Among the major accounts:

  • Sales and use tax receipts grew 8.3 percent to $517.2 million. April was the second-highest month of sales tax ever recorded and only the third month to exceed half a billion dollars in collections. Year-to-date collections have grown 10.4 percent.
  • Corporation income and Limited Liability Entity Tax (LLET) receipts grew 16.4 percent to $288.0 million. Revenues through the first ten months have grown 6.6 percent.
  • Individual income tax collections fell 15.0 percent in April as the tax rate reduction also impacted declaration payments and net returns. Despite the 10 percent rate reduction, wages subject to withholding rose over last April. Through 10 months, collections have increased by 0.6 percent.
  • Property tax collections have exceeded expectations as revenues grew 11.9 percent for the month. The gains were concentrated in the general tangible and motor vehicle accounts.  Receipts are up 7.4 percent year-to-date.
  • Cigarette tax receipts fell 35.3 percent, or $9.7 million, in April and have fallen 10.1 percent year-to-date.
  • Coal severance tax receipts increased 35.2 percent to $7.7 million, the ninth time this year in which monthly collections have exceeded 30 percent.
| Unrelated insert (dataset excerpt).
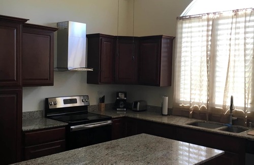 This home is fully furnished with kitchen appliances, furniture throughout, a backup GENERAC GENERATOR with an automatic switch and a backup 600 gallon STAINLESS STEEL WATER RESERVE TANK with an automatic switch. ALL BEDROOMS HAVE AIR CONDITIONING, including the common areas of the house, and ceiling fans in every room. The master bedroom has a queen sized bed, a private bathroom with double vanities and a large walk-in closet. The 2nd bedroom has a queen sized bed and the 3rd bedroom has [2] twin sized beds - both with wall to wall closets. You will enjoy the use of the washer/dryer located in the laundry room. On the second floor you can relax with the family and use our SmartTV or watch movies on the DVD player. DVD movies are also available for your use. You also have access to the beautiful terrace from the 2nd Floor.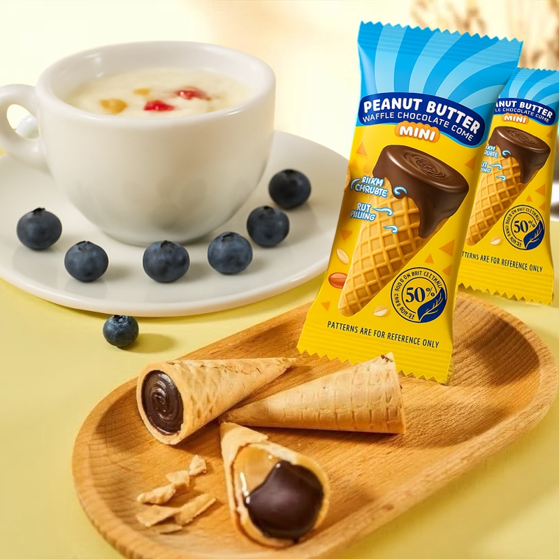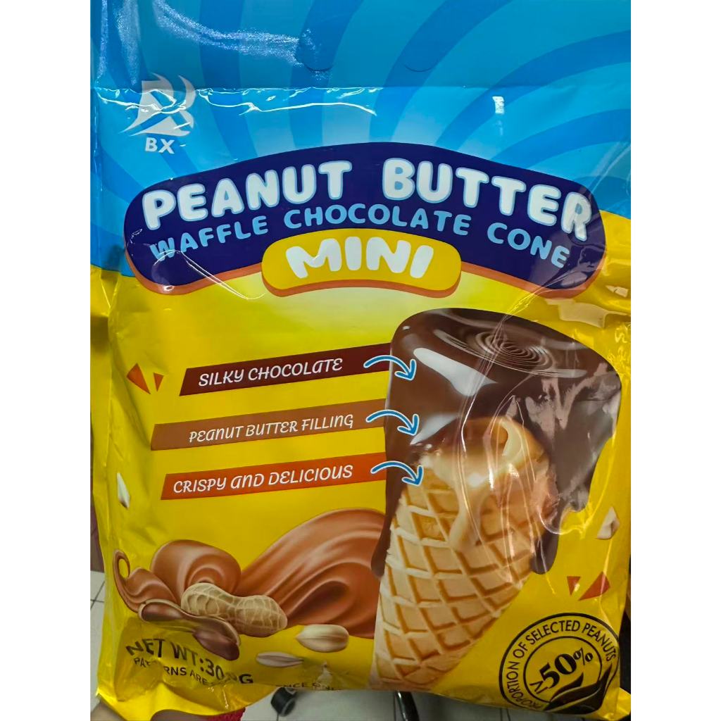 ไอติมเวเฟอร์รสเนยถั่วช็อกโกแลต ขนมอร่อย เวเฟอร์โคนไอติม กรอบ ขนาด 300 กรัม

Revenues have grown 48.6 percent year-to-date.
  • Income on investments grew $18.7 million in April, with year-to-date revenues of $106.7 million.

Road Fund receipts grew 3.3 percent, or $4.8 million, in April as motor fuels collections were one of the few accounts to increase.  Collections for the month were $153.3 million.  The year-to-date collection now stands at 4.0 percent.  The official Road Fund revenue estimate calls for revenues to increase by 2.7 percent for the fiscal year.  Based on year-to-date tax collections, revenues can decline by 3.2 percent for the remainder of the year and still meet the estimate.

Among the accounts, motor fuel revenue rose 7.7 percent in April.  Collections from motor fuels have been limited in FY23 due to an emergency regulation filed last summer by Governor Beshear that froze the gasoline and special fuels tax rates to fight the effects of inflation and surging gasoline prices.  The emergency regulation expired in late February, giving way to a statutorily-driven tax rate increase of two cents per gallon in March that will positively impact motor fuels tax receipts going forward.  Motor vehicle usage tax collections fell 0.7 percent and license and privilege receipts were down 8.7 percent.